§ INPUT DATA
┄┄┄┄┄┄┄┄┄┄┄┄┄┄┄┄┄┄┄┄

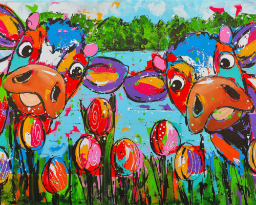 Unser "Fröhliche Malerei - Kühe mit Tulpen" Motiv lädt Dich auf eine kreative Entdeckungsreise ein. Du kannst Dich in aller Ruhe entspannen und den Malprozess genießen – wir liefern Dir alle passenden Malutensilien in einem rundum-sorglos DIY Set, sodass Du Dich allein auf die Kunst konzentrieren kannst.
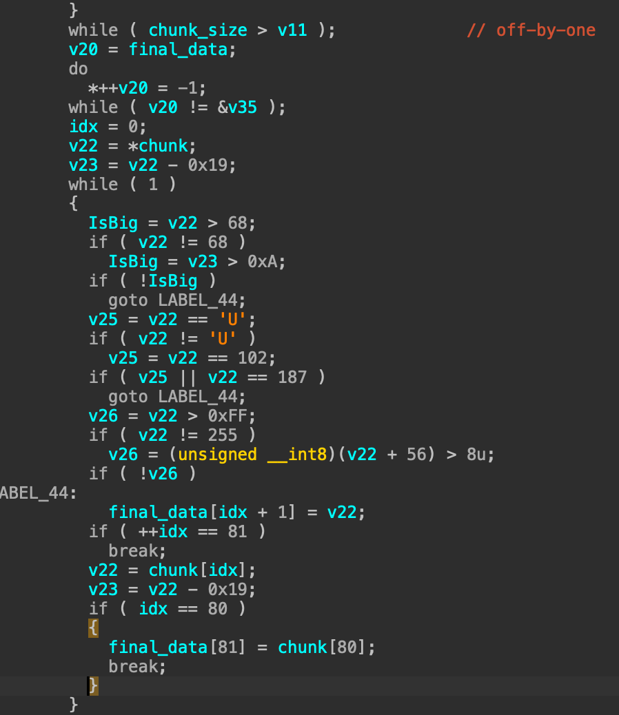 接着的操作比较迷惑,一些奇怪的判断,然后需要注意的是当idx == 80时,会直接执行final_data[81] = chunk[80];然后退出循环,也就意味着chunk[80]不需要经过前面的字符检查,直接被赋值到final_data[81]
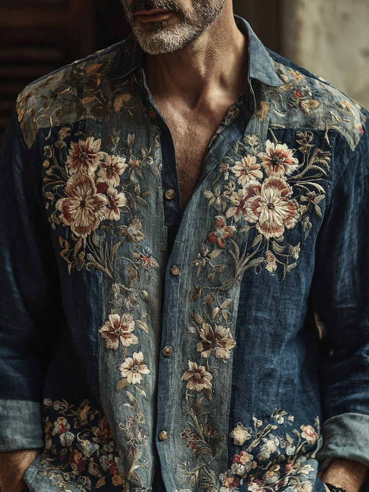 Men's Vintage Flowers Embroidered Contrast Linen Blouse 3df8
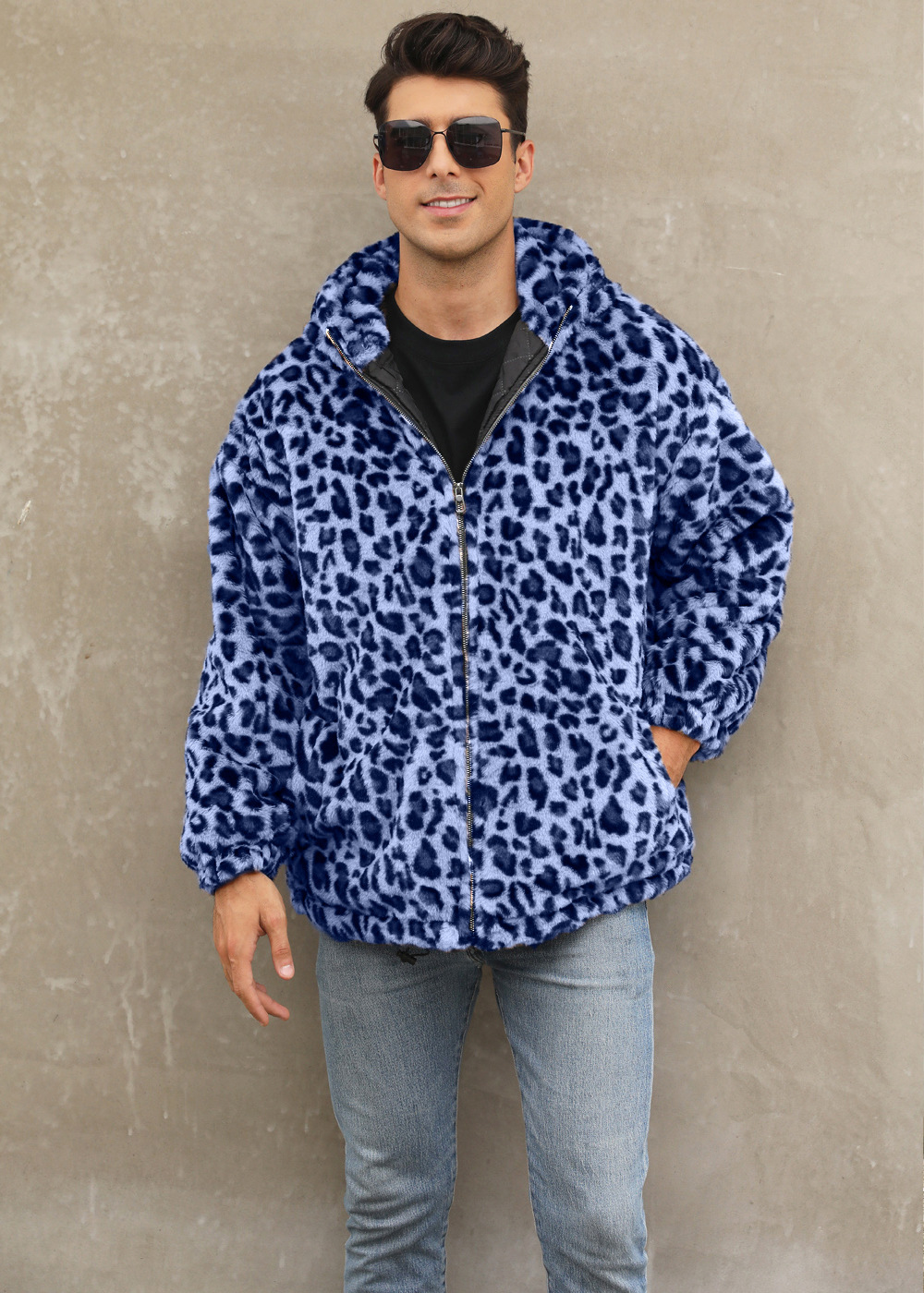 F0836 трансграничный взрыв мужской осень-зима теплая плюшевая леопардовая куртка с имитацией меха куртка с капюшоном

┄┄┄┄┄┄┄┄┄┄┄┄┄┄┄┄┄┄┄┄

§ WORK INSTRUCTIONS
Give every line of the listing above again, exactly, with no images.

§ REPLY TO THE EXERCISE
 Unser "Fröhliche Malerei - Kühe mit Tulpen" Motiv lädt Dich auf eine kreative Entdeckungsreise ein. Du kannst Dich in aller Ruhe entspannen und den Malprozess genießen – wir liefern Dir alle passenden Malutensilien in einem rundum-sorglos DIY Set, sodass Du Dich allein auf die Kunst konzentrieren kannst.
 接着的操作比较迷惑,一些奇怪的判断,然后需要注意的是当idx == 80时,会直接执行final_data[81] = chunk[80];然后退出循环,也就意味着chunk[80]不需要经过前面的字符检查,直接被赋值到final_data[81]
 Men's Vintage Flowers Embroidered Contrast Linen Blouse 3df8
 F0836 трансграничный взрыв мужской осень-зима теплая плюшевая леопардовая куртка с имитацией меха куртка с капюшоном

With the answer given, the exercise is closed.